Contour Step 10048: loss = 0.17940636844412056
Validation loss = 0.17905799375408016
Validation loss no contour = 0.1803577360548791
Contour Step 10048: loss = 0.0
Validation loss = 0.17896598136159264
Validation loss no contour = 0.1786386588600221
Contour Step 10048: loss = 0.0
Validation loss = 0.1796294016063593
Validation loss no contour = 0.17953905681515955
Contour Step 10048: loss = 0.0
Validation loss = 0.17789380366255522
Validation loss no contour = 0.18016036993758694
Contour Step 10048: loss = 0.0
Validation loss = 0.17941977688746089
Validation loss no contour = 0.1784275173666371
Contour Step 10048: loss = 0.0
Validation loss = 0.17843117835415398
Validation loss no contour = 0.1789207886311279
Contour Step 10048: loss = 0.0
Validation loss = 0.17863997748228394
Validation loss no contour = 0.17800669811049086
Contour Step 10048: loss = 0.0
Validation loss = 0.17773591760237506
Validation loss no contour = 0.17924970333838158
Contour Step 10048: loss = 0.0
Validation los

In [15]:
from scipy.stats import ttest_rel

# Suppose you collected paired samples:
A_v_before = valdation_contour  # validation accuracies before contour walk
A_v_after = validation_no_contour   # validation accuracies after contour walk

t_stat, p_value = ttest_rel(A_v_before, A_v_after)

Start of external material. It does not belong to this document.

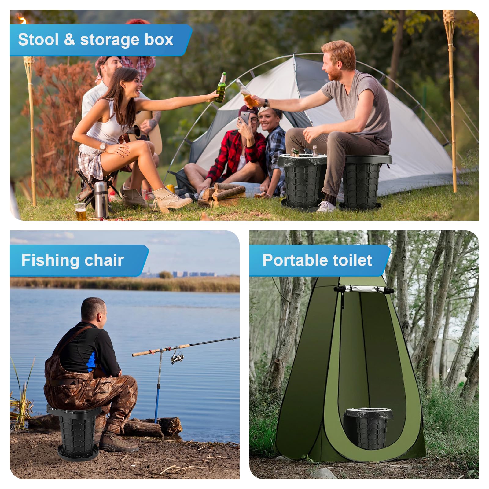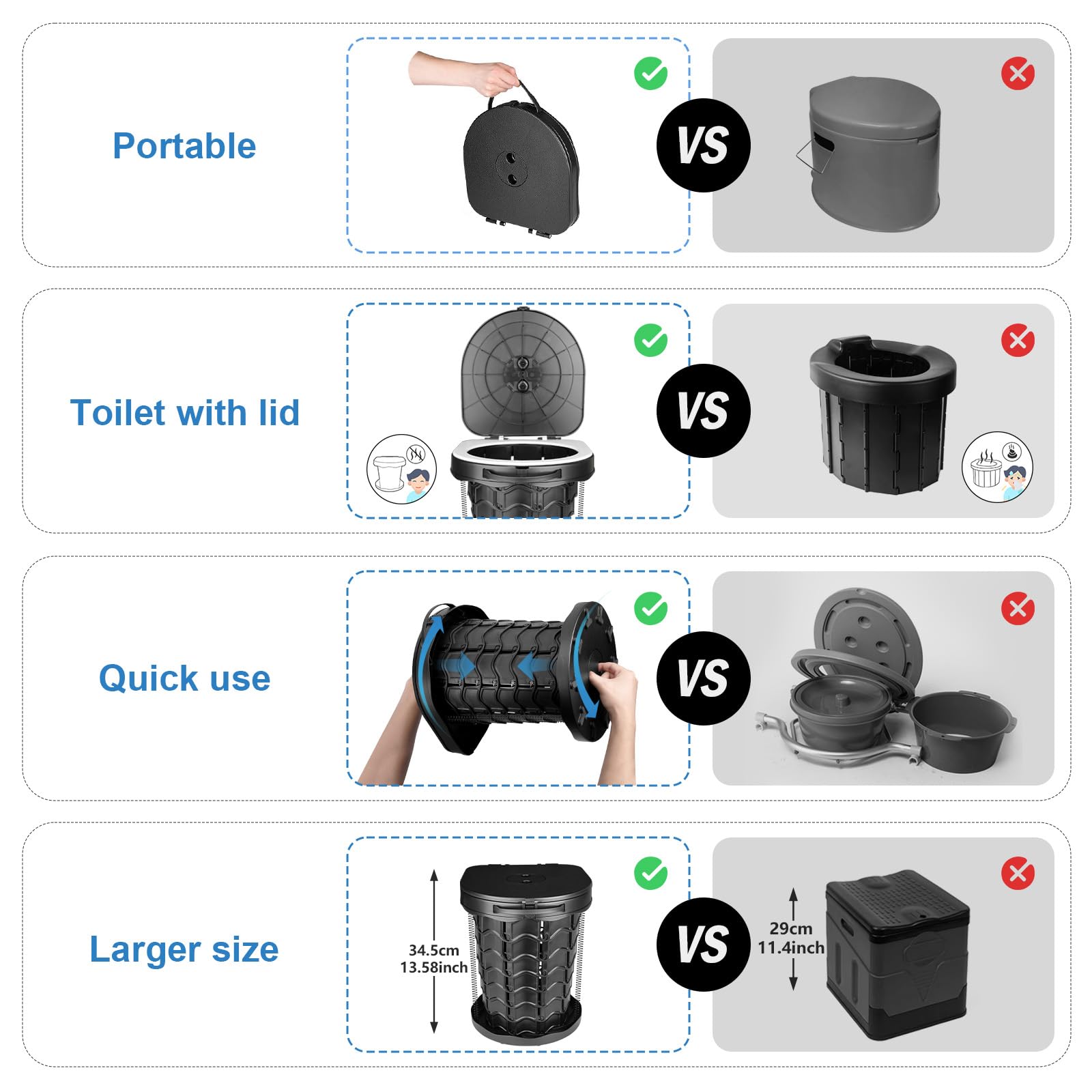 Upgraded camping toilet foldable with spring, includes lid and 10 trash bags. Ideal for camping, hiking, fishing, and parties. Supports up to 180kg.

print(f"Paired t-test result: t-stat={t_stat}, p-value={p_value}")
if p_value > 0.05:
    print("Fail to reject H0: no significant bias from contour walk.")
else:
    print("Reject H0: significant bias detected.")


Paired t-test result: t-stat=-0.7386165766956186, p-value=0.4789577488087644
Fail to reject H0: no significant bias from contour walk.